I’ve always wondered what Twitter-user distribution looks like across the world. I assume it falls off at night in the US, but who knows? Can I be sure of myself in assuming that most users are in the Mission in San Francisco? Like any fiddler with a penchant for coding and some free time, I decided to figure out myself.
Step 1: Get some tweets.
Twitter offers a sampling API that gives you random tweets from up to 3 years or so ago. I set up an instance of Phirehose and let it run for about half an hour, saving the geo and created_at fields in a MySQL table. It swiftly dumped ~1.3 million tweets, consuming 58 MB. Awesome!
Step 2: Normalize the data.
So Tweets are a complex chunk of data delivered in either JSON or XML. It’s fidelity to the official standard is at the mercy of the client used to create the tweet as well as the user. Needless to say, the data was ugly. Basic steps taken (along with tweets left after the filter):
- Remove empty geo fields (~200,000 left)
- Regex for XX.XXXX, XX.XXXX (35,462 left)
- Removed “true” lat/long with North/N/n values to leave just UTM coordinates(~29,000 left)
- Remove identical UTM pairs (21,750 left)
- Check for out-of-bounds values for date/time (~19,000 left)
So now I was left with 19,000 rows in a DB similar to: 40.4410, -105.25529, "Feb 2 2009 4:41:44 EST"
Step 3: Put it on to <canvas>, a drawing element supported by browsers that play nicely with HTML5 (newish Firefox, Safari, and Chrome builds).
The earth isn’t flat, so a grid is hard to project onto it. Luckily someone else has solved this problem by creating Equirectangular Projections. This family of maps are equal-distance projections that maintains distances between spaces (with sacrificing with more distortion around the poles). I used the Creative Commons map available on Wikipedia.
I built the page up with this image placed behind the <canvas> element with CSS, and started in on the Javascript. For a quick project where page heaviness is fine, jQuery is a good choice. I made some basic functions and threw in a jQueryUI slider (all of which is visible in the source).
Results: So I wound up with a pretty cool way of showing who tweets where, and when. The different hemispheres do indeed encounter lower usage in their night-time, which matches my assumptions. Neat!
Caveats: A few words of warning:
- There is a sampling bias in how I “cleaned” my data. No Kanji characters, for example, possibly explaining the lower-appearing usage in Japan.

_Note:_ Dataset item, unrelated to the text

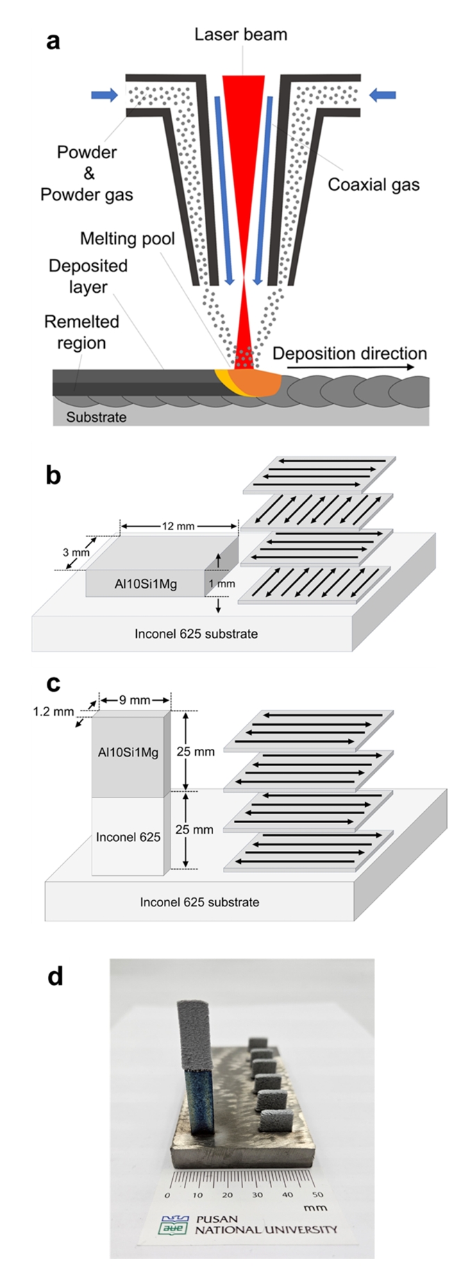 In this study, AlSi10Mg was L-DED processed on an Inconel 625 substrate with five

- I also opted against geocoding locations such as “Boulder, CO” due to computational overhead. Google does offer this API through Google Maps, but I deemed it outside the scope of the project.
- This will not render on older browsers or any version of Internet Explorer. There is a project called Excanvas to get
<canvas>rolling on IE, but this was also outside of my scope.
Thanks for looking!